**Aim of the task:** The pictures must be left out, while the rest of the data is copied exactly.

**Source data:**
[Start of section]
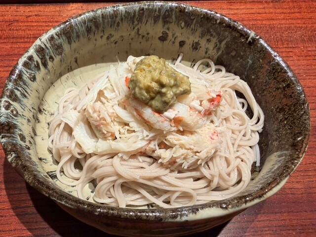 ⚫︎ 綺麗にほぐされた松葉蟹と、蟹酢で和えたキャビア
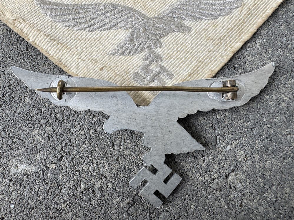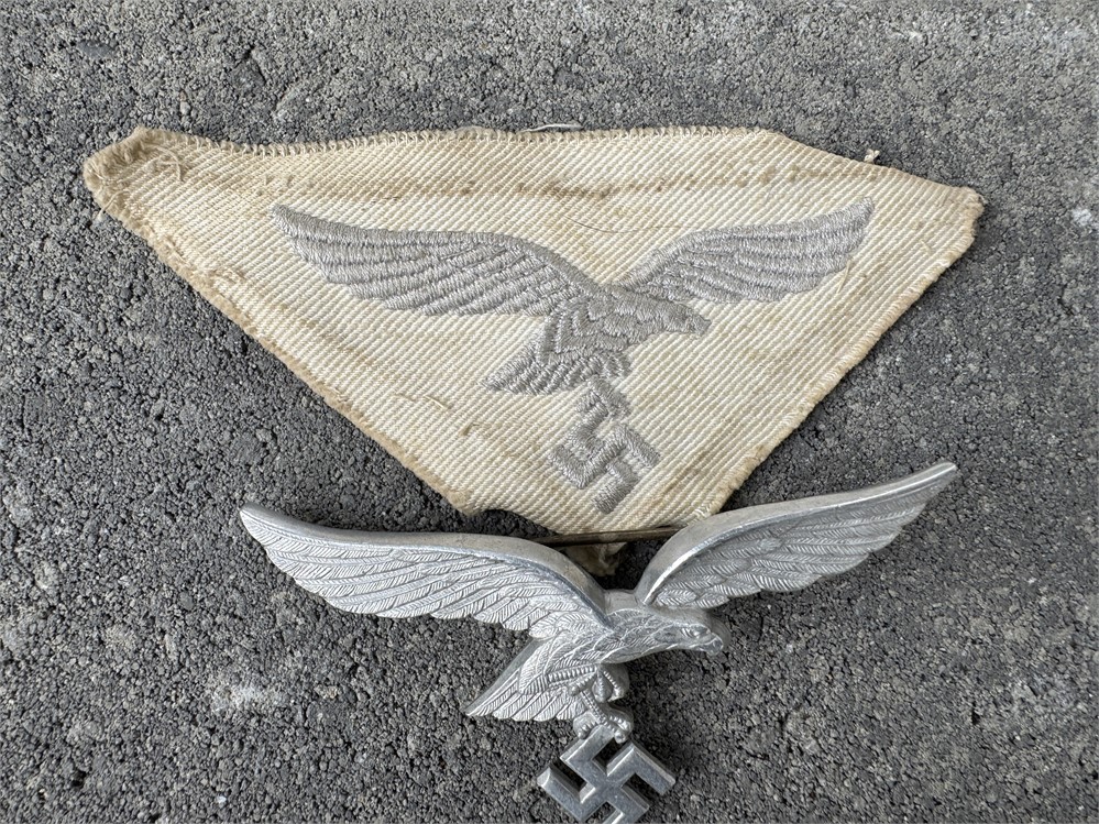 Lot of 2--Luftwaffe Metal Breast Eagle and Machine Embroidered Tropical Eagle
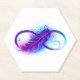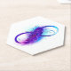 Infinity symbole with a beautiful feather painted in purple and blue bright colors on white background
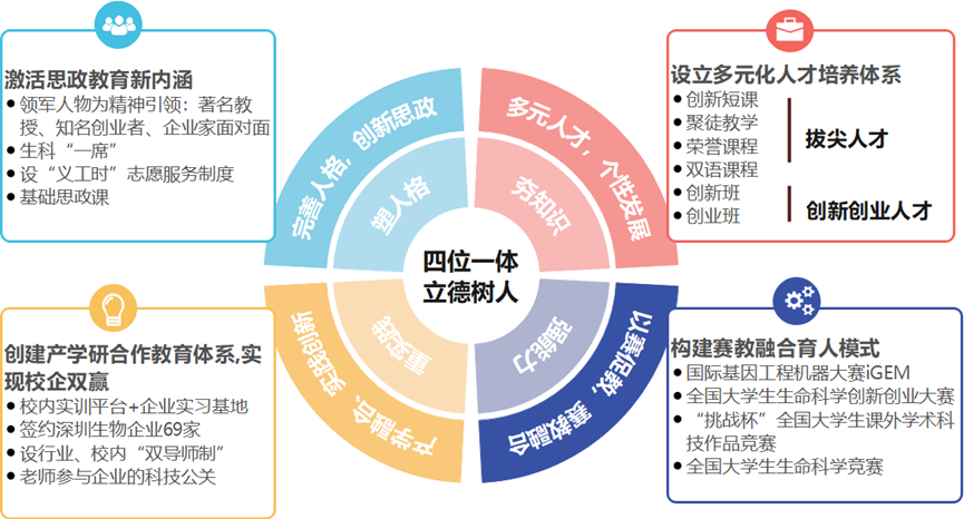 围绕“塑人格、夯知识、强能力、重实践”的“四位一体、立德树人”人才培养理念,秉承脚踏实地、自强不息的深大精神,多元化培养具有浓厚家国情怀、世界胸怀和国际视野,专业技术过硬和核心竞争能力强的现代生物技术行业中坚力量及后备人才。
[End of section]
**Answer box:**
 ⚫︎ 綺麗にほぐされた松葉蟹と、蟹酢で和えたキャビア
 Lot of 2--Luftwaffe Metal Breast Eagle and Machine Embroidered Tropical Eagle
 Infinity symbole with a beautiful feather painted in purple and blue bright colors on white background
 围绕“塑人格、夯知识、强能力、重实践”的“四位一体、立德树人”人才培养理念,秉承脚踏实地、自强不息的深大精神,多元化培养具有浓厚家国情怀、世界胸怀和国际视野,专业技术过硬和核心竞争能力强的现代生物技术行业中坚力量及后备人才。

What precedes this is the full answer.